If we squint here it's not hard to see how this could be converted into a language feature. In this post we've mechanically performed a transformation by hand. Rather than returning a type T from a function, we're taking a &mut MaybeUninit<T> and writing into that. It feels like it's basically just a spicy return; and it seems like something we could introduce some kind of notation for.

Though admittedly things get trickier once we want to also enable self-references, perform phased initialization, immovable types, and so on. But those all depend on being able to write to a fixed place in memory - and it feels like perhaps these are concepts which we can decouple from one another? Anyway, if we just take in-place construction as a feature, I think we might be able to get away with something like this for our first example:

use std::ptr::addr_of;

struct Cat { age: u8 }
impl Cat {
    fn new(age: u8) -> #[in_place] Self { // ← new notation
        Self { age }
    }
}

fn main() {
    let cat = Cat::new(4);
    // ^ cat was constructed in-place
}

This is obviously not a new idea - but it stood out to me how simple the actual underpinnings of in-place construction seem. The change from a regular return to an in-place return feels mechanical in nature - and that seems like a good sign. For good measure let's also adapt our second example:

use std::ptr::addr_of;

struct Bed { cat: Cat }
impl Bed {
    fn new() -> #[in_place] Self {         // ← new notation
        Self { cat: Cat::new(4) }
        //     ^ cat was constructed in-place
    }
}

struct Cat { age: u8 }
impl Cat {
    fn new(age: u8) -> #[in_place] Self {  // ← new notation
        Self { age }
    }
}

fn main() {
    let bed = Bed::new();
    // ^ bed was constructed in-place
}

Admittedly I haven't read up on the 10-year discourse of placement-new, so I assume there are plenty of details left out that make this hard in the general sense. Things like heap-addresses and intermediate references. But for the simplest case? It seems surprisingly doable. Not quite something which we can proc-macro - but not far off either. And maybe scoping that as a first target would be enough?
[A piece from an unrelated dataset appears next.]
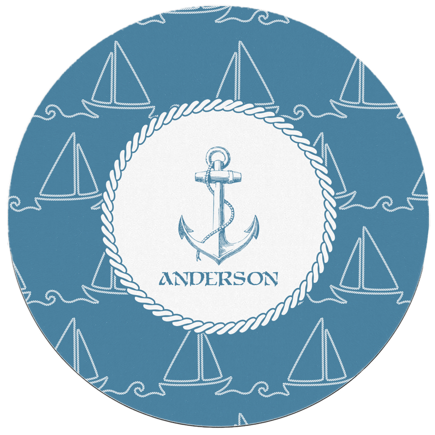 In the center of the design is a roped label and anchor. Put the personalization of your choice underneath.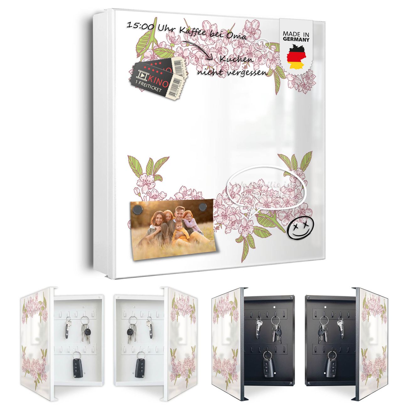 Bringe Ordnung und Eleganz in deinen Eingangsbereich mit dem banjado Schlüsselkasten Motiv Motiv Blütenzauber 2. Die moderne Schlüsselbox kombiniert funktionales Design mit hochwertiger Verarbeitung und wird so zu einem echten Hingucker in Flur, Büro oder Ferienwohnung. ✅ Stilvolle Schlüsselaufbewahrung mit Motiv Motiv Blütenzauber 2 Der Design-Schlüsselkasten Motiv Motiv Blütenzauber 2 bietet Platz für bis zu 32 Schlüssel, die auf 4 stabilen Reihen mit je 8 Haken übersichtlich verstaut werden. Mit seinen kompakten Maßen von 30 x 30 x 5 cm passt die Schlüsselbox perfekt auch in kleinere Räume. Der weiß lackierte Stahlkorpus mit links angeschlagenem Türscharnier harmoniert mit gedruckten Folie auf der Front und fügt sich nahtlos in jedes Wohnambiente ein. Ob als Schlüsselorganizer für Zuhause oder als praktische Lösung für Büros, Praxen und Gewerbe, der banjado Schlüsselkasten sorgt für Ordnung und Übersicht. Dank der magnetischen, mit Kreidestiften beschreibbaren Folie auf der Front kannst du Notizen anheften oder Termine direkt auf der Oberfläche festhalten. Die Schlüsselbox Motiv Motiv Blütenzauber 2 zur Wandmontage wird inklusive Befestigungsmaterial geliefert und ist schnell angebracht. So hast du deine Schlüssel jederzeit griffbereit und zugleich stilvoll verstaut. Mit diesem banjado Schlüsselkasten Motiv Motiv Blütenzauber 2 kombinierst du praktische Aufbewahrung mit stilvollem Wohndesign. Ob privat oder geschäftlich, die Schlüsselbox sorgt für mehr Ordnung, Übersicht und ein wohnliches Ambiente.Vorteile im Überblick

I don't know.

The connection to super let

edit 2024-06-25: This section was added after first publishing this post.

Jack Huey reached out after publishing this post, and mentioned there might be a connection with the super let feature. I think that's a super interesting point, and it's not hard to see why! Take this example from Mara's post:

let writer = {
    println!("opening file...");
    let filename = "hello.txt";
    super let file = File::create(filename).unwrap();
    Writer::new(&file)
};

The super let file notation here allows the file's lifetime to be scoped to the outer scope, making it valid for Writer to take a reference to file and return. Without super let this would result in a lifetime error. Its vibes are very similar to the #[in_place] notation we posited in this post.
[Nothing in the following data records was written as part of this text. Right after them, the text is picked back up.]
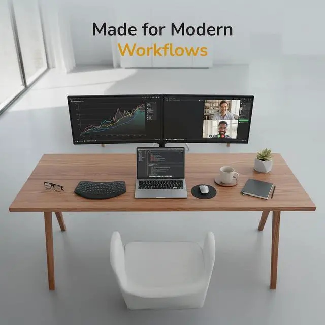 Maximize your workspace Raise two monitors off your desk to free up valuable space and create a cleaner, more organized workstation for home, office, or gaming setups.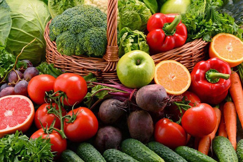 維生素C豐富的食物。新鮮的蔬菜和水果,尤其是綠色蔬菜和酸味較高的水果,如番茄、橘子、山楂等。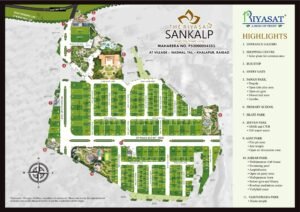 Riyasat Group’s landmark township, The Riyasat Sankalp is a well-planned Plotted township in Nadhal, Panvel, Navi Mumbai offering NA residential and commercial plots equipped with amenities like grand landscaped gardens, club house, swimming pool, Jain & Hindu temple, 24/7 secured environment, efficient infrastructure, and excellent connectivity.
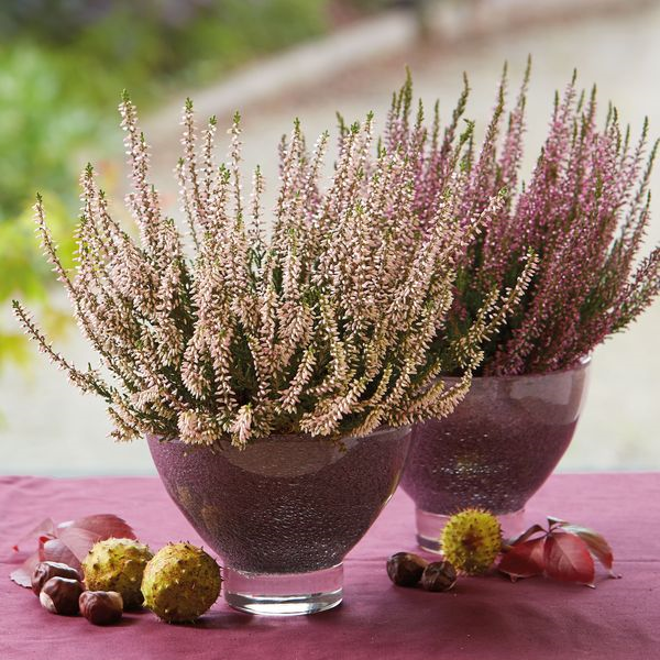 In Weiß, Lila- und Pinktönen erstrahlen im Beet die Klassiker wie die reichblühende Knospenblüher- und Besenheide (Calluna vulgaris). Die farbenfrohe Chrysantheme (Chrysanthemum indicum) zeigt ihre körbchenartigen Blüten in den Farben Weiß, Gelb, Orange, Rot oder Pink sogar bis in den November hinein. Entfernen Sie vertrocknete Blüten, um Platz für neue zu schaffen. Man sollte sie reichlich gießen, außerdem ist ein windgeschützter Platz ratsam.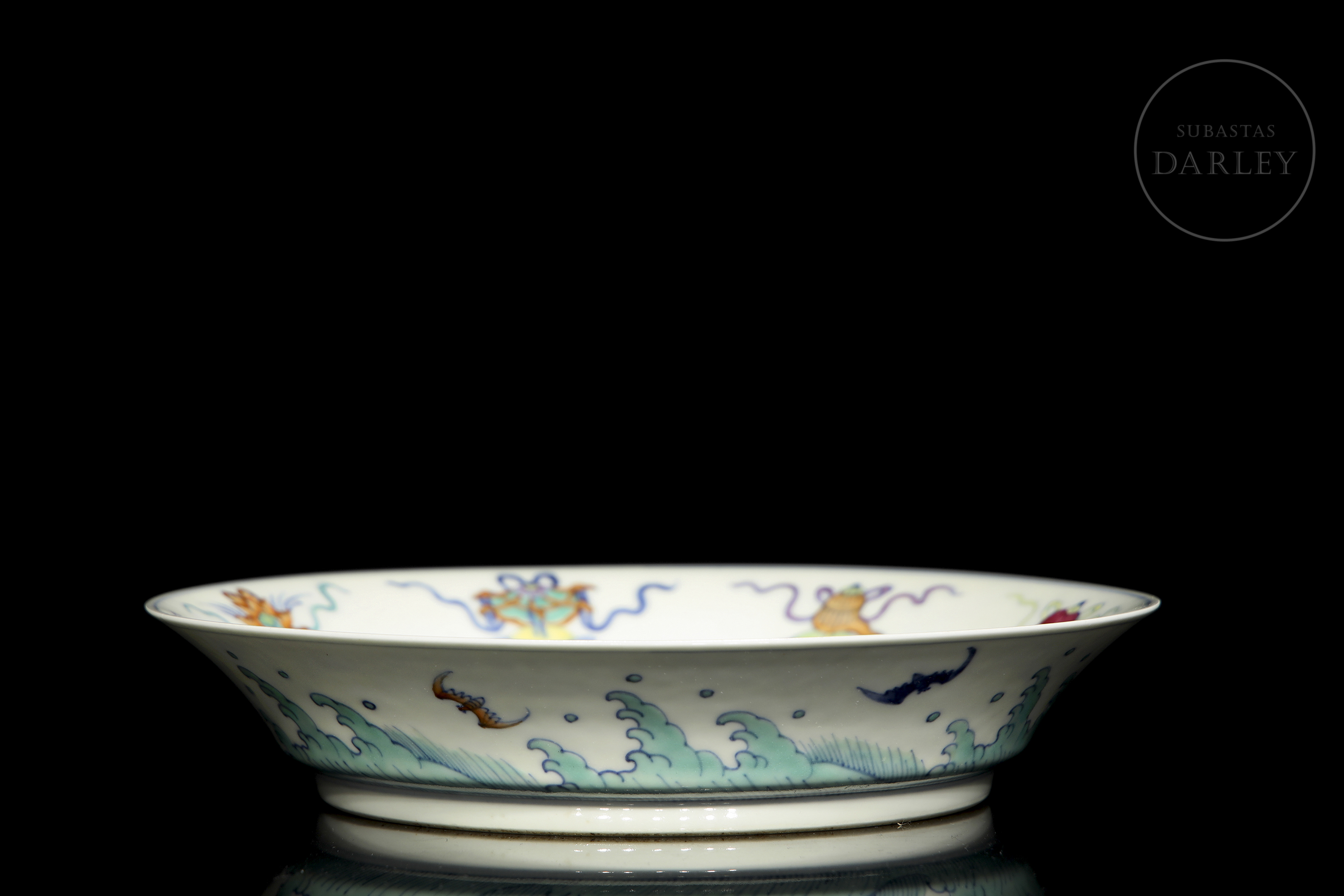 Glazed porcelain plate ‘Buddhist Emblems’, with Yongzheng mark

Perhaps there a synthesis of both features could exist to create a form of "generalized super scope" feature? There definitely appears like there might be some kind of connection. Like, we could imagine writing something like super let to denote a "value which is allocated in the caller's frame". And a function returning super Type to signal from the type signature that this is actually an out-pointer ².

Shout out to James Munns for teaching me about the term "outpointer" - that's apparently the term C++ uses for this using the outptr keyword.

use std::ptr::addr_of;

struct Cat { age: u8 }
impl Cat {
    fn new(age: u8) -> super Self {
        super let this = Self { age };  // declare in the caller's frame
        dbg!(addr_of!(this));
        this
    }
}

It's worth nothing though that this is not an endorsement for actually going with super let or super Type - but merely to speculate how there might be a possible connection between both features. I think it's fun, and the connection between both seems worthy of further exploration!

conclusion

In this post I've shown how we can construct types in-place using MaybeUninit which surprised me how simple it ended up being. I mostly wanted to have gone through the motions at least once - and now I have, and that was fun!

edit 2024-06-22: Thanks to Jordan Rose and Simon Sapin for helping un-break the unsafe pointer code in an earlier version of this post. Goes to show: Rust's pointer ergonomics really could use an overhaul.

in-place construction seems surprisingly simple?— 2024-06-22